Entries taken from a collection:
* * * * *
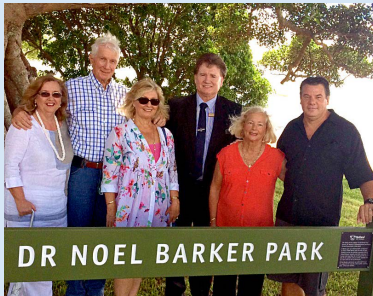
DR NOEL BARKER PARK
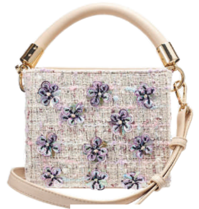
PURSE Marshalls, $30
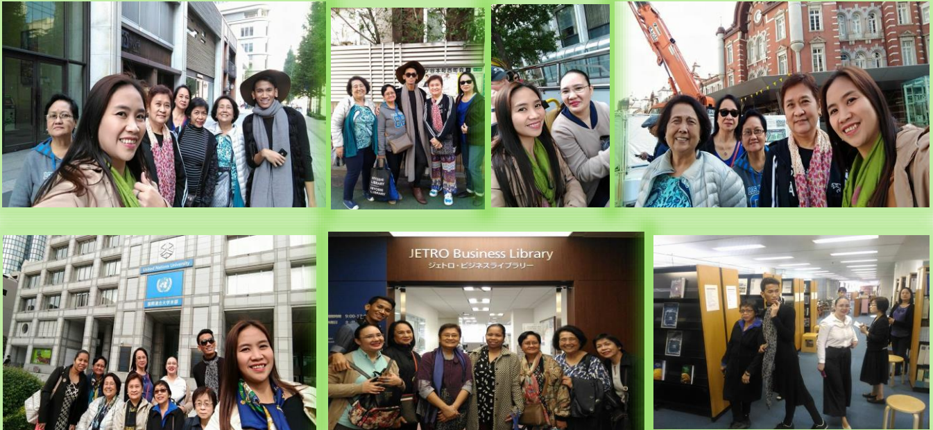
...Study Tour in Tokyo, Japan

THE OFFICIAL NEWSLETTER OF THE ASSOCIATION OF SPECIAL LIBRARIES IN THE PHILIPPINES
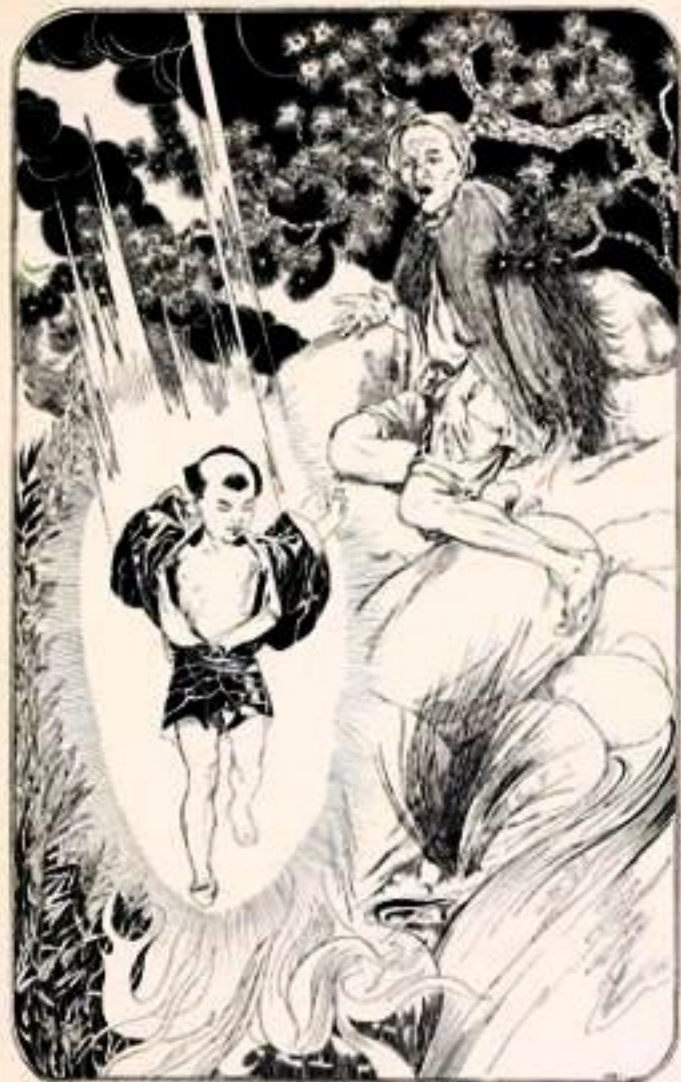
The birth of Rai-ten.
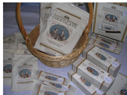
American Heritage Chocolates
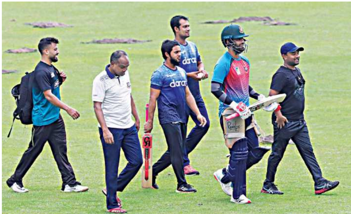
Bangladesh cricket's three stalwarts train yesterday, each with different mission in mind. Bangladesh ODI captain Tamim Iqbal returns to training in Mirpur following two months of recovery from injury. The left-hander is set to feature in a T20 franchise tournament in Nepal, starting next week. Bangladesh's ace all-rounder Shakib Al Hasan and West Indies' star spinner Sunil Narine show thumbs-up at the training session of Kolkata Knight Riders, ahead of their opening match of the second phase of the Indian Premier League against Royal Challengers Bangalore today. Mushfiqur Rahim characteristically began training earlier than everyone else even though the national cricketers are currently enjoying an extended break ahead of their camp in Oman next month for the upcoming T20 World Cup.
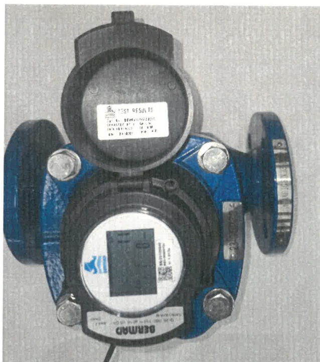
Figure 2: Sealing 1 - of the water meter Turbo Bar E
* * * * *
▶ _EXERCISE DETAILS_
In the data above, find the line containing "American Heritage Chocolates", then output it and every later line exactly, without the pictures.

▶ _WRITTEN RESPONSE_
American Heritage Chocolates
Bangladesh cricket's three stalwarts train yesterday, each with different mission in mind. Bangladesh ODI captain Tamim Iqbal returns to training in Mirpur following two months of recovery from injury. The left-hander is set to feature in a T20 franchise tournament in Nepal, starting next week. Bangladesh's ace all-rounder Shakib Al Hasan and West Indies' star spinner Sunil Narine show thumbs-up at the training session of Kolkata Knight Riders, ahead of their opening match of the second phase of the Indian Premier League against Royal Challengers Bangalore today. Mushfiqur Rahim characteristically began training earlier than everyone else even though the national cricketers are currently enjoying an extended break ahead of their camp in Oman next month for the upcoming T20 World Cup.
Figure 2: Sealing 1 - of the water meter Turbo Bar E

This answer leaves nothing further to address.